I don't know of an aftermarket source, but the hub internal parts are the same as used on any of the other "Made in France" Schwinn quick release hubs such as those on the Continental and Super Sport. More on that here: http://www.bikeforums.net/classic-vintage/1047471-how-old-normandy-round-hole-hubs.html#post18515277

The front axles are threaded 9mm x 1.0 and the rears are 10mm x 1.0.


----------



## momo608

The rears measure 9.7mm for the hollow axle and 9.45mm for a rear solid axle like those found on non quick release Continentals. Interestingly those cheap replacements hollow axles they sell on ebay are the same size as Schwinn rear solid axles, the Schwinn cones and nuts fit perfect if you want to use them. No good for the front because the cones are way too long but the axle itself fits the dropouts. Yes the front and rear cones on the ebay cheapos are the appropriate bearing size for F+R. The search continues. The Schwinn store on ebay has some I believe but they are pricey. Always feel i get hosed dealing with those people.


----------



## Metacortex

There has been some confusion on this but Schwinn axle threading for lightweights is as follows:

Front hollow (quick-release) - 9mm x 1.0
Rear hollow (quick-release) - 10mm x 1.0

Front solid (bolt-on) - 5/16" x 26tpi
Rear solid (bolt-on) - 3/8" x 26tpi


----------



## momo608

That is the source of confusion, metric and sae on the same type of hubs.

With your help I think I found some cones. I'll report back on this when I get them.


----------



## Metacortex

momo608 said:


> With your help I think I found some cones. I'll report back on this when I get them.

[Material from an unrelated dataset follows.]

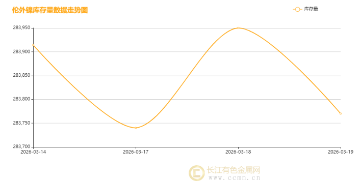 2026 年 3 月 14-19 日伦镍库存呈先降后升再回落的窄幅波动走势,17 日触底约 283740 吨,18 日冲高至约 283950 吨,整体维持在 283740-283950 吨区间。波动核心源于 LME 交割节奏、仓单流转及下游需求阶段性变化:交割期库存阶段性流出致去库,随后补库或仓单集中入库推升库存,后续需求疲软与出库流出又使库存回落,反映短期供需与市场情绪的博弈。

Thanks, I'd be *very* interested to find a source of new replacements! So far I've had to pirate them from Ladies' Super Sports and Continentals.


----------



## momo608

Still further confusion comes from the fact that 1.00mm metric thread pitch = 25.4 TPI . Very close to 26 TPI for the 3/8" axle.
The Conversion  25.4 TPI =  0.03937  =  1.000mm

Here are those cheap QR axles. As you can see the much more plentiful rear 3/8" 26TPI Schwinn cones and nuts fit on these. They are indeed 3/8" with 26TPI. You can use the cones and nuts that come with these because they are very close once you sort out the keyed washer issue. The new QR axles use a serrated locking jamb nut instead of keyed washers. The new QR axles are not keyed. The fronts would have worked but the cones they come with are too long to fit in between the fork dropouts, bummer. The sellers description on the size of these axles is really bad, since they are practically giving them away I took a chance.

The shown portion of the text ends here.